It is impossible to look back at this year without acknowledging the immense impact the COVID-19 pandemic has had on almost every single aspect of life. While we can hardly wait to flip the calendar to 2021 and hope for a return to some sense of normality, in the final newsletter of 2020, we would like to pause and recognise that it has also been a memorable year for open source.
As we retreated into our homes in March, everything needed to become digital immediately. Governments had to react to a crisis and reorganise public life while most of its workforce needed to work remotely for the first time. Citizens had to become accommodated to working from home, while ensuring communication and collaboration at work and in their personal lives. Open source tools played an important role in ensuring a smooth transition from the office or school to working or studying from home: Jitsi video-conferencing platform, the Moodle open source learning platform, and open source secure messaging applications such as Tchap, which is used in the French government.

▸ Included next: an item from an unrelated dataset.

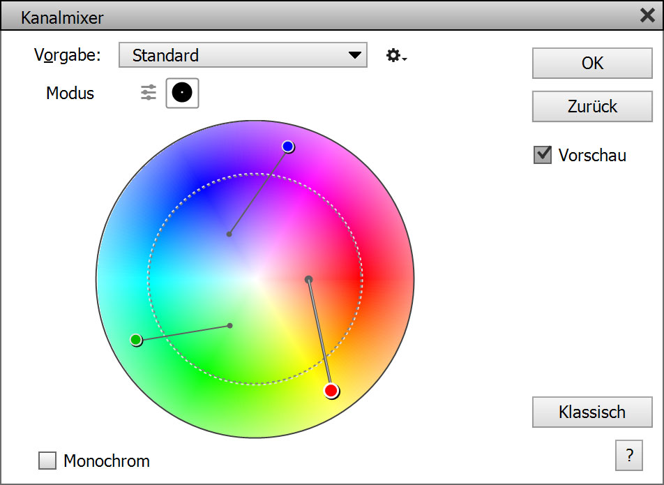 Jeder Winkel des Farbkreises bietet einen anderen Farbton und die Sättigung erhöht sich mit Abstand zum weißen Zentrum. Wenn Sie einen Kontrollpunkt außerhalb des gestrichelten Kreises platzieren, wird ein extremerer Effekt erzielt, der zu Farbstichen führen kann. Die Farbe an der Position jedes Kontrollpunkts wird verwendet, um die Prozentwerte für jeden Ausgabekanals zu berechnen. Der Gesamtwert beträgt immer 100%, so dass Sie die Helligkeit des Bildes im Farbkreismodus (anders als im Standardmodus) nicht ändern können. Dies begrenzt die Gesamtzahl der Effektkombinationen, hilft aber auch, bestimmte Effekte schneller und einfacher zu produzieren.

Additionally, COVID-19 highlighted the need for fit-for-purpose, efficient and trustworthy digital solutions for the public sector, healthcare, and education that could be quickly adapted and implemented. Project plans, software launches and various services that previously had timelines spanning months and years now had to be implemented in a matter of days. In many instances over the last year, the answer to this was found in open source software and hardware – which is available without restrictions, for everyone to use, study, share and improve. From the outset, open source played a tangible role in mitigating the impact of the pandemic. Moreover, communities came together to support the public sector in its effort to fight the crisis. For instance, an international team in Linz, Austria developed the plans for life-saving ventilators and shared them freely. For further open source software and open source hardware that help medical staff, public administrations, businesses and citizens in their daily lives, visit the Commission’s Digital Response to Covid-19 repository created with the support of OSOR team and in collaboration with the open source community.

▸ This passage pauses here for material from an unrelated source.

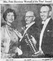 Buffalo Zontian Mrs. Pitt Petri received the 1961 Woman of the Year Award from the Buffalo Philharmonic Orchestra Society Mrs. Pitt Petri (left) was an active supporter of the Buffalo Philharmonic Orchestra as a member of the Philharmonic Women's Committee and, in 1961, she received the Buffalo Philharmonic Orchestra Society's Woman of the Year Award. In attendance for the presentation was Buffalo Philharmonic conductor Josef Krips (center) and Buffalo Philharmonic Society President Franz T. Stone (right).

Crucially, open source solutions could also be inspected to ensure trustworthiness, which is essential for handling sensitive health data. Nowhere was this more pertinent than in COVID-19 tracing apps handling location and health data. 14 European governments made their apps available as open source and some even built their apps as forks of other country’s apps, thus saving time and resources in the process. OSOR reported on several open source COVID-19 tracing apps including, among others, Radar Covid (Spain), Coronalert (Belgium) and Corona-Warn-App (Germany). The role that open source can play in delivering such solutions is hopefully something that will be remembered as we move forward beyond the crisis.
2020 has proven that digitalisation is essential. It has also highlighted the need for real choice, reliable services and for users to play a leading role. Moving into 2021, there is a strong opportunity for open source to help both in delivering those services and in building the trust needed to improve uptake. This is accentuated by the Berlin Declaration, signed 8 December 2020 by all EU Member State Ministers responsible for digital transformation in the public administration, that recognises open source as a facilitator for deploying and developing strategic digital tools and capacities in the public sector.
As we sign off for the last time in 2020, the OSOR Team would like to wish our readers a pleasant holiday season and a happy and healthy new year. See you all in 2021!